[Dataset records]
=== Begin Enclosure ===
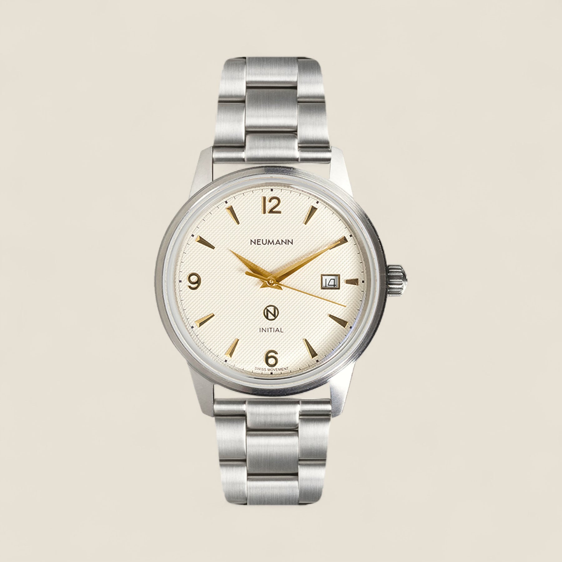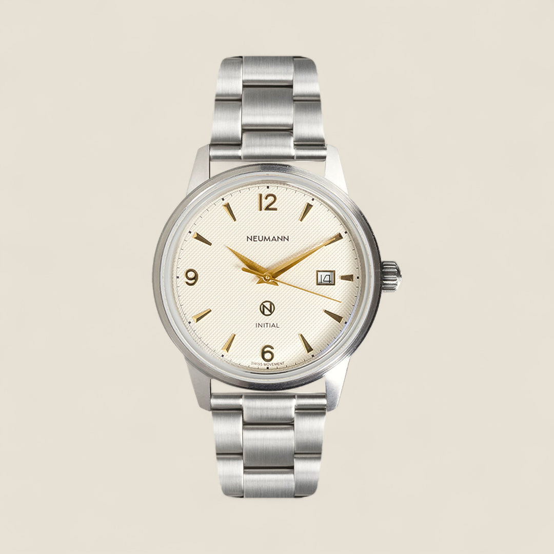 With its warm off-white dial and brushed steel case, this 40 mm edition of the Initial Nº 1 offers a refined contrast of softness and structure. The golden hands introduce a quiet warmth, while the raised sapphire crystal adds depth and clarity to the dial. Designed in Sweden and assembled in Germany, it is a watch made not to compete for attention, but to complement the wearer with calm assurance.
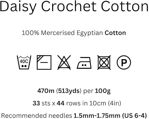 Fil à crochet #10 en coton égyptien mercerisé de qualité supérieure – Finition 3 plis effet nacré – Doux, résistant et brillant – 100 g – Coton à crochet marguerite 100 Blanc
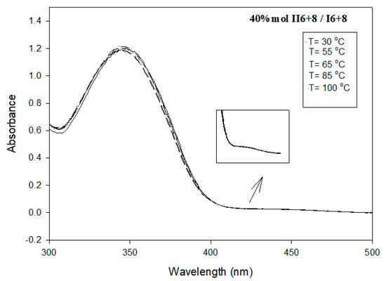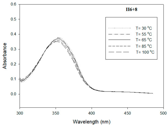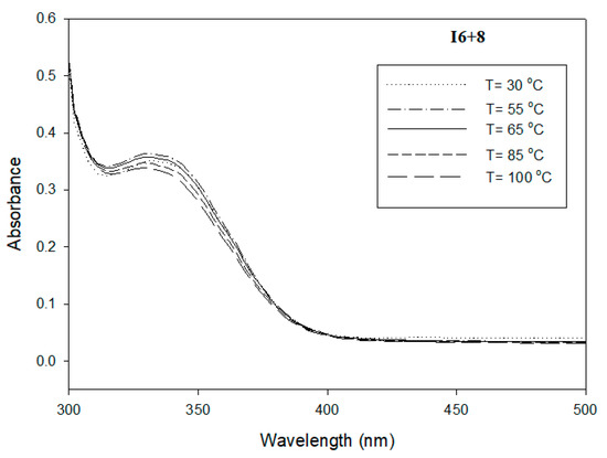 UV absorption spectrum of binary eutectic mixture of II6+8/I6+8 in DMF (C = 1.8 × 10−6 mol/L) at temperature range 298–398 K.
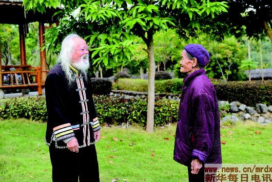 在廣西巴馬瑤族自治縣長壽島,98歲的長壽老人羅耀斌(左)在和一名老人交談(11月8日攝)。 新華社記者陸波岸攝
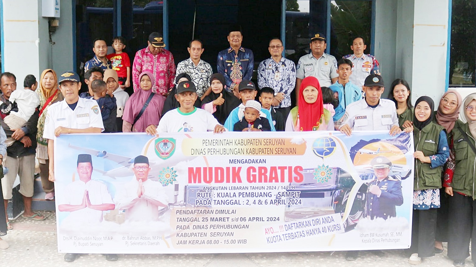 wajahborneo.com, Seruyan – Penjabat Bupati Seruyan, H Djainuddin Noor melepas peserta Mudik Gratis Angkutan Lebaran Tahun 2024/1445H di halaman kantor Dinas Perhubungan (Dishub) Seruyan, Kuala Pembuang, Rabu, 4 April 2024.
=== End Enclosure ===
**EXERCISE GOAL**: Return the entries above exactly and in full; do not include images.

**TASK RESPONSE**:
 With its warm off-white dial and brushed steel case, this 40 mm edition of the Initial Nº 1 offers a refined contrast of softness and structure. The golden hands introduce a quiet warmth, while the raised sapphire crystal adds depth and clarity to the dial. Designed in Sweden and assembled in Germany, it is a watch made not to compete for attention, but to complement the wearer with calm assurance.
 Fil à crochet #10 en coton égyptien mercerisé de qualité supérieure – Finition 3 plis effet nacré – Doux, résistant et brillant – 100 g – Coton à crochet marguerite 100 Blanc
 UV absorption spectrum of binary eutectic mixture of II6+8/I6+8 in DMF (C = 1.8 × 10−6 mol/L) at temperature range 298–398 K.
 在廣西巴馬瑤族自治縣長壽島,98歲的長壽老人羅耀斌(左)在和一名老人交談(11月8日攝)。 新華社記者陸波岸攝
 wajahborneo.com, Seruyan – Penjabat Bupati Seruyan, H Djainuddin Noor melepas peserta Mudik Gratis Angkutan Lebaran Tahun 2024/1445H di halaman kantor Dinas Perhubungan (Dishub) Seruyan, Kuala Pembuang, Rabu, 4 April 2024.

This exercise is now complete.